Герцог и в самом деле был красавец, с фингалом, не хуже, чем у гвардейца Сумасвода - оба, видать, отвели душеньку. Он сидел на койке, уронив голову на руки, и черно-белые, будто шерсть шнауцера, волосы торчали в разные стороны, как у ведьмы. И да, из одежды на герцоге была только шуба и сапоги гвардейца Куницына.
- Я должен осмотреть вашу светлость, - позвал Ласло. Герцог поднял на него безумные свои драконьи глаза - черные, как зимняя речная вода:
- Подойди и осматривай.
Ласло скосил глаза на конвойного - тот стоял, клевал носом - ночь все-таки. Ласло приблизился, посмотрел критически на фингал, проверил, целы ли ребра.
- Что с мальчиком? - почти беззвучно, одними губами, спросил герцог, и Ласло не сразу понял, о ком это он. Потом догадался - о маленьком дюке.
- Его не будут пытать, - так же беззвучно проговорил Ласло, делая вид, что осматривает герцогские глазные склеры. И он готов был дать руку на отсечение - без всякого света черные глаза вдруг зажглись, как у кота. Что-то некрупное благородной тяжестью опустилось в карман докторского камзола - и никто бы не смог проследить движения руки, подложившей это тяжеленькое что-то.
- Все равно, передайте палачу. За мальчика, - прошептал герцог, и конвойный наконец-то проморгался:
- Что он там шепчет?
- Ребра болят, - перевел Ласло, - и вообще, почему он у вас так избит? Живого места нет.
- Сопротивлялся аресту, - довольным голосом объяснил конвойный.
- Все с вами ясно, изверги. Вы в силах дойти до кабинета дознавателя, ваша светлость? - обратился Ласло к герцогу, и тот улыбнулся по-волчьи, приподняв один угол разбитого рта:
- Извольте.
- За вами придут, - пообещал Ласло и направился к выходу.
- Хороши наши гвардейцы - так отмудохать руководителя государства, - сетовал Ласло, шагая с караульным по коридору.
- А я их понимаю, - отозвался караульный.
В камере к возвращению Ласло царила полная гармония - Аксель переоделся в черный кожаный фартук на голое по пояс тело, развесил устрашающе цепи и разложил красиво инструментарий - совсем как во времена визитов господина фон Мекк. Асессор Хрущов и Копчик сидели за столом именинниками.

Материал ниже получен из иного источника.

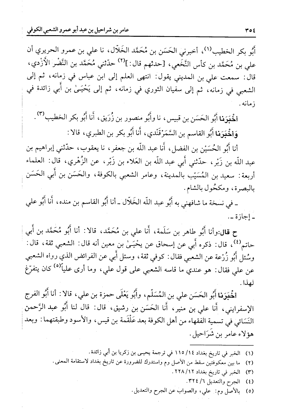 أبو بكر الخطيب (1) أخبرني الحسن بن محمد الخلال نا علي بن عمرو الحريري أن علي بن محمد بن كأس النخعي حدثهم قال (2) حدثني محمد بن النضر الأزدي قال سمعت علي بن المديني يقول انتهى العلم إلى ابن عباس في زمانه ثم إلى الشعبي في زمانه ثم إلى سفيان الثوري في زمانه ثم إلى يحيى بن أبي زائدة في زمانه أخبرنا أبو الحسن بن قبيس نا وأبو منصور بن زريق أنا أبو بكر الخطيب (3) وأخبرنا أبو القاسم بن السمرقندي أنا أبو بكر بن الطبري قالا أنا أبو الحسين بن الفضل أنا عبد الله بن جعفر نا يعقوب حدثني إبراهيم بن عبد الله بن زبر حدثني أبي عبد الله بن العلاء بن زبر عن الزهري قال العلماء أربعة سعيد بن المسيب بالمدينة وعامر الشعبي بالكوفة والحسن بن أبي الحسن بالبصرة ومكحول بالشام في نسخة ما شافهني به أبو عبد الله الخلال أنا أبو القاسم بن منده أنا أبو علي إجازة ح قال وأنا أبو طاهر بن سلمة أنا علي بن محمد قالا أنا أبو محمد بن أبي حاتم (4) قال ذكره أبي عن إسحاق عن يحيى بن معين أنه قال الشعبي ثقة قال وسئل أبو زرعة عن الشعبي فقال كوفي ثقة وسئل أبي عن الفرائض الذي رواه الشعبي عن علي فقال هو عندي ما قاسه الشعبي على قول علي وما أرى عليا (5) كان يتفرغ لهذا أخبرنا أبو الحسن علي بن المسلم وأبو يعلى حمزة بن علي قالا أنا أبو الفرج الإسفرايني أنا علي بن منير أنا الحسن بن رشيق قال قال لنا أبو عبد الرحمن النسائي في تسمية الفقهاء من أهل الكوفة بعد علقمة بن قيس والأسود وطبقتهما وبعد هؤلاء عامر بن شراحيل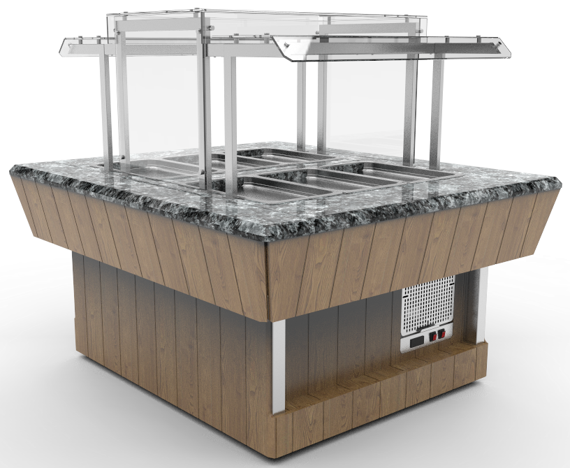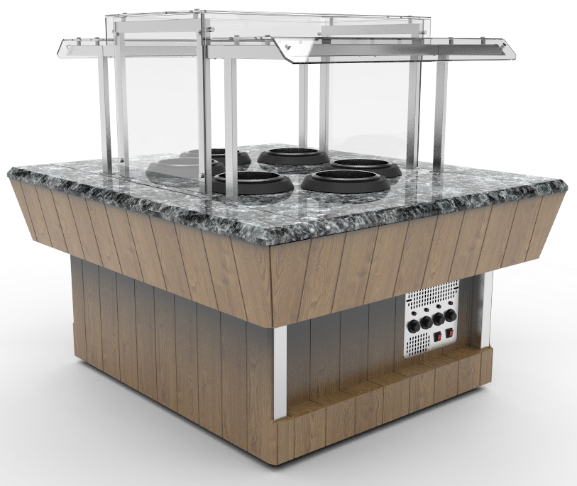 Оборудование для организации шведского стола, основное назначение которого -хранение, демонстрация, дистрибуция готовых горячих и холодных блюд ,выдаваемых официантом, либо вариант самообслуживания,отлично впишется в интерьер любого ресторана.

- Арестованный в порядке, идти может, - отчитался Ласло.
- Благодарю вас, доктор, - отвечал секретарь, - вы можете отправиться поспать, мы пригласим вас, когда закончим. Конвой, приведите арестованного.
Ласло побрел в караулку - дремать. Из-за двери одной из камер раздавались кошачьи вопли и звуки - как будто биения головой об стену. Рядом с дверью дремал стражник.
- Кто там у тебя? - спросил любознательный Ласло.
- Юный герцог, беснуется, - философски отвечал ему стражник.
Ласло нащупал предмет в кармане, решил, что рассмотрит позже - пока юному дюку, кроме собственного буйства, ничего не грозило.
В кабинет дознавателя тем временем привели арестованного. Герцог стоял перед следователями, запахнувшись в свою шубу, и смотрел на них сверху вниз - Копчик еще подумал, что зря для него пожадничали стульчик. Два конвойных маячили за его спиною - оба на полголовы ниже арестованного.
- Рад видеть вас, Николас, - усмехнулся герцог, и снова угол рта его по-волчьи задрался, не иначе, лицо его перекосило от тика, - и вас, мой Алексис, - герцог повернул голову в сторону Акселя и чуть поклонился, - большая честь быть вашим клиентом.
- Как вы понимаете, пока что наша беседа носит неофициальный характер, - перебил его секретарь, покривившись от "Николаса", - вы можете облегчить свою вину признанием. Если вы признаете вину сейчас, нам не придется применять экзекуцию. Если же будете запираться, нам придется употребить воздействие третьей степени...
- Судьи прибудут утром, - догадался герцог, - Что ж, до утра я протяну. Добровольное признание отягощает вину и дальнейшую судьбу осужденного ...Есть ли у вас что-нибудь такое, чего не было в восточно-прусской тюрьме? Мe surprendre, Николас! Мe surprendre, мой Алексис! - герцог царственным жестом сбросил шубу на руки конвойным - как лакеям, и кивнул Акселю, зловещим силуэтом выступившему из тьмы, - прошу, маэстро.
Et de la corde d'une toise
Saura mon col que mon cul poise, - проговорил он с немецким своим произношением.
- По-хорошему, это тебе, - Ласло протянул Акселю тяжелый сапфировый крест, - но я очень надеюсь, что ты со всеми нами справедливо поделишься. Дюк Курляндский передает тебе сей артефакт, чтобы ты был добрее и снисходительнее к маленькому герцогу. Если вдруг и ему пропишут экзекуции.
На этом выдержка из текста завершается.